H2O.ai has integrated H2O Driverless AI with Alteryx Designer; the connector is available for download in the Alteryx Analytics Gallery. This will permit Alteryx users to implement more advanced and automatic machine learning algorithms into analytic workflows in Designer, as well as doing automatic feature engineering for their machine learning models. In addition, Driverless AI models can be deployed to Alteryx Promote for model management and monitoring, reducing time to deployment. Both of these new capabilities provide Alteryx-using business analysts and citizen data scientists more direct and expanded access to machine learning via H2O.ai.

H2O.ai is integrating Kx’s time-series database, kdb+, into Driverless AI. This will extend Driverless AI’s ability to process large datasets, resulting in faster identification of more performant predictive capabilities and machine learning models. Kx users will be able to perform feature engineering for machine learning models on their time series datasets within Driverless AI, and create time-series specific queries.

H2O.ai also announced a collaboration with Intel that will focus on accelerating H2O.ai technology on Intel platforms, including the Intel Xeon Scalable processor and H2O.ai’s implementation of XGBoost. Driverless AI on Intel, globally.  Accelerating H2O on Intel will help establish Intel’s credibility in machine learning and artificial intelligence for heavy compute loads. Other aspects of this collaboration will include expanding the reach of data science and machine learning by supporting efforts to integrate AI into analytics workflows and using Intel’s AI Academy to teach relevant skills. The details of the technical projects will remain under wraps until spring.

Finally, H2O.ai announced numerous improvements to both Driverless AI and their open-source H2O, Sparkling Water, and AutoML, mostly focused on expanding support for more algorithms and heavier workloads among their product suite. Among the improvements that caught my eye was the new ability to inspect trees thoroughly for all of the tree-based algorithms that the open-source H2O platform supports.
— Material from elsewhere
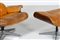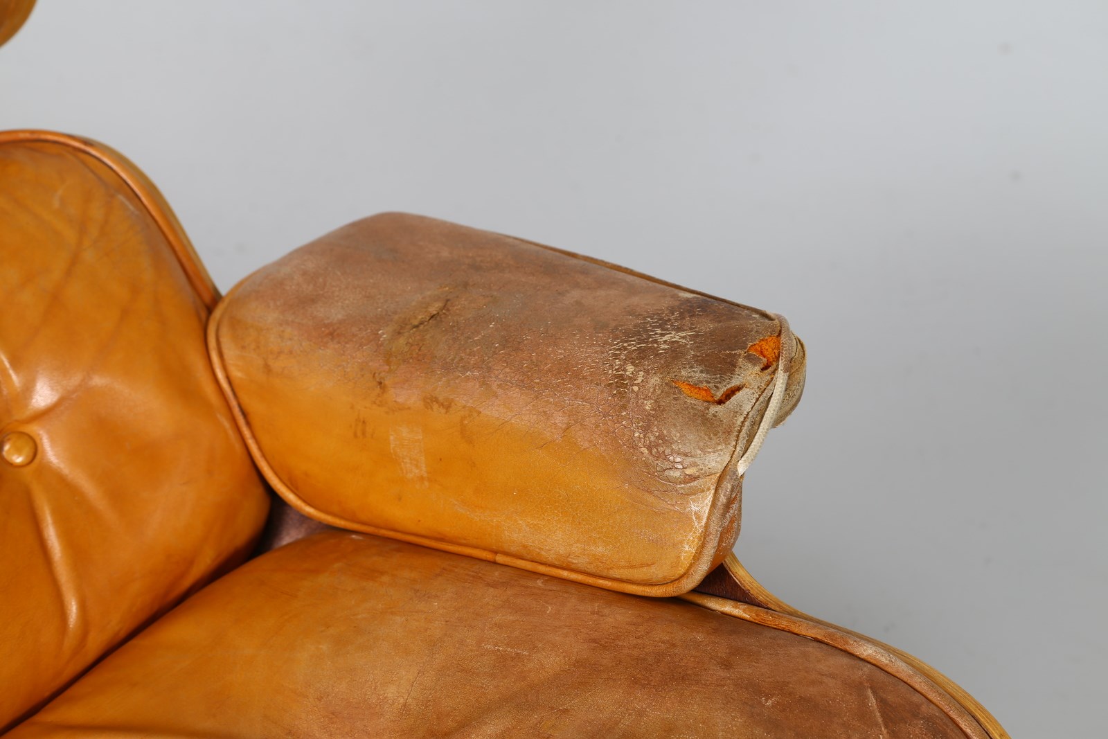 EAMES CHARLES & RAY (1907 - 1978) Poltrona con ottomano. Legno, metallo e pelle. . Poltrona con ottomano, per Herman Miller, anni 50. Sono ufficialmente chiamati Eames Lounge (670) e Ottomana (671) . Seduta e schienale in compensato modellato impiallacciato, cuscini in cuoio cognac e base in alluminio. Basato su un prototipo presentato al concorso "Organic Design in Home Furnishing", tenutosi presso il Museum of Modern Art nel 1940, il modello n. 670 rappresenta la poltrona più complessa mai realizzata dagli Eames e il loro primo progetto destinato al mercato di lusso. Tratto da: Charlotte & Peter Fiell, 1000 chairs, Taschen, 2016, p. 275

With concern about “black-box” models and lack of insight around how a given model performs its analysis and why it yields the results it does for any given experiment, providing an API for tree inspection is a practical step towards making the logic behind model performance and output more transparent for at least some machine learning models.

Recommendations

Alteryx users seeking to implement machine learning models into analytic workflows should take advantage of increased access to H2O Driverless AI. Providing more machine learning capabilities to business analysts and citizen data scientists enhances the capabilities available to their data analytics workflows; Driverless AI’s existing AutoDoc capability will be particularly useful for ensuring Alteryx users understand the results of the more advanced techniques they now have access to.

If your organization collects time-series data but has not yet pursued analytics of this data with machine learning yet, consider trialing KX’s kdb+ and H2O’s Driverless AI. With this integration, Driverless AI will be able to quickly and automatically process time series data stored in kdb+, allowing swift identification of performant models and predictive capabilities.
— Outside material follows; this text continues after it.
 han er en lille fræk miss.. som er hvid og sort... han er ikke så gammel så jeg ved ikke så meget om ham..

If your organization is considering making significant investments in heavy-duty computing assets for heavy machine learning loads in the medium-term future, keep an eye on the work Intel will be doing to design chips for specific types of machine learning workloads. NVIDIA has its GPUs and Google its TPUs; by partnering with H2O, Intel is declaring its intentions to remain relevant in this market.
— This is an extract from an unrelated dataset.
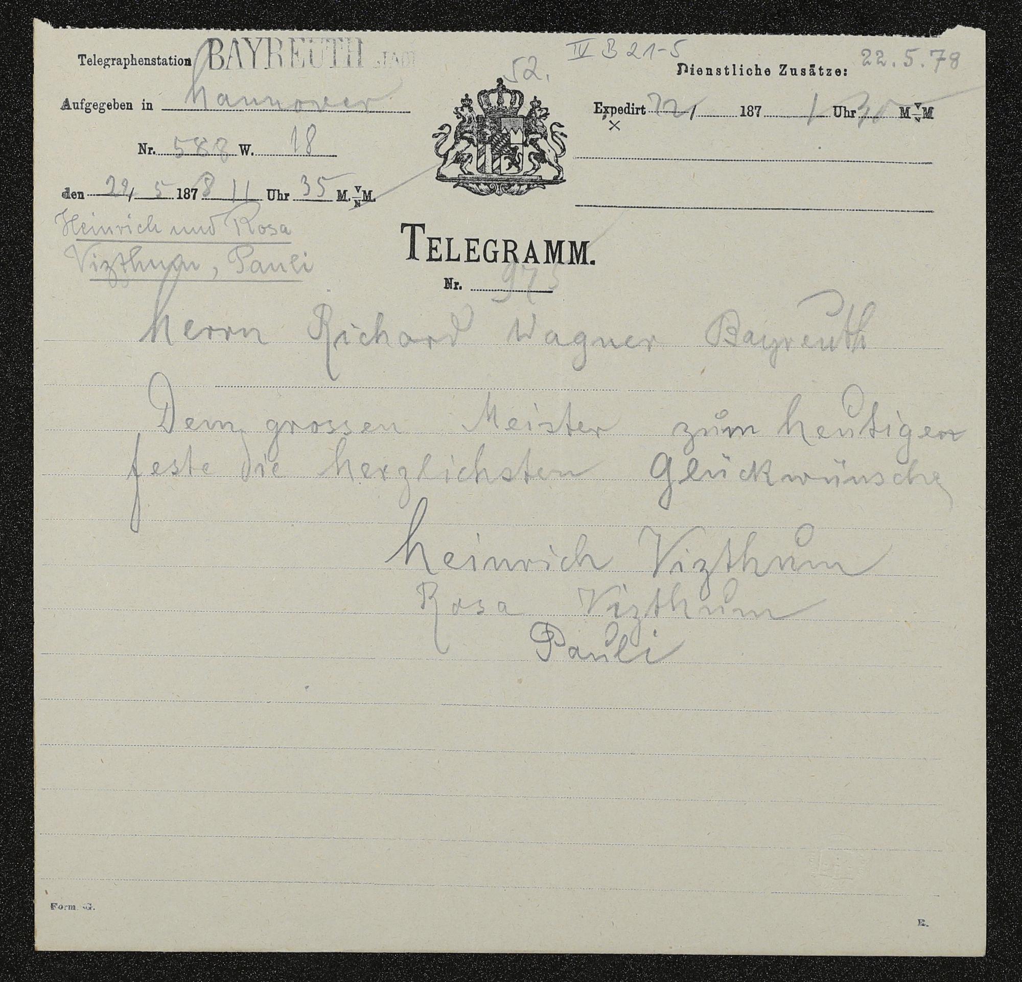 Telegramm von Heinrich Vizthum und Rosa Vizthum Pauli an Richard Wagner

If your organization is concerned about the effects of “black box” machine learning models, the ability to inspect tree-based models in H2O, along with the AutoDoc functionality in Driverless AI, are starting to make the logic behind machine learning models in H2O more transparent. This new ability to inspect tree-based algorithms is a key step towards more thorough governance surrounding the results of machine learning endeavors.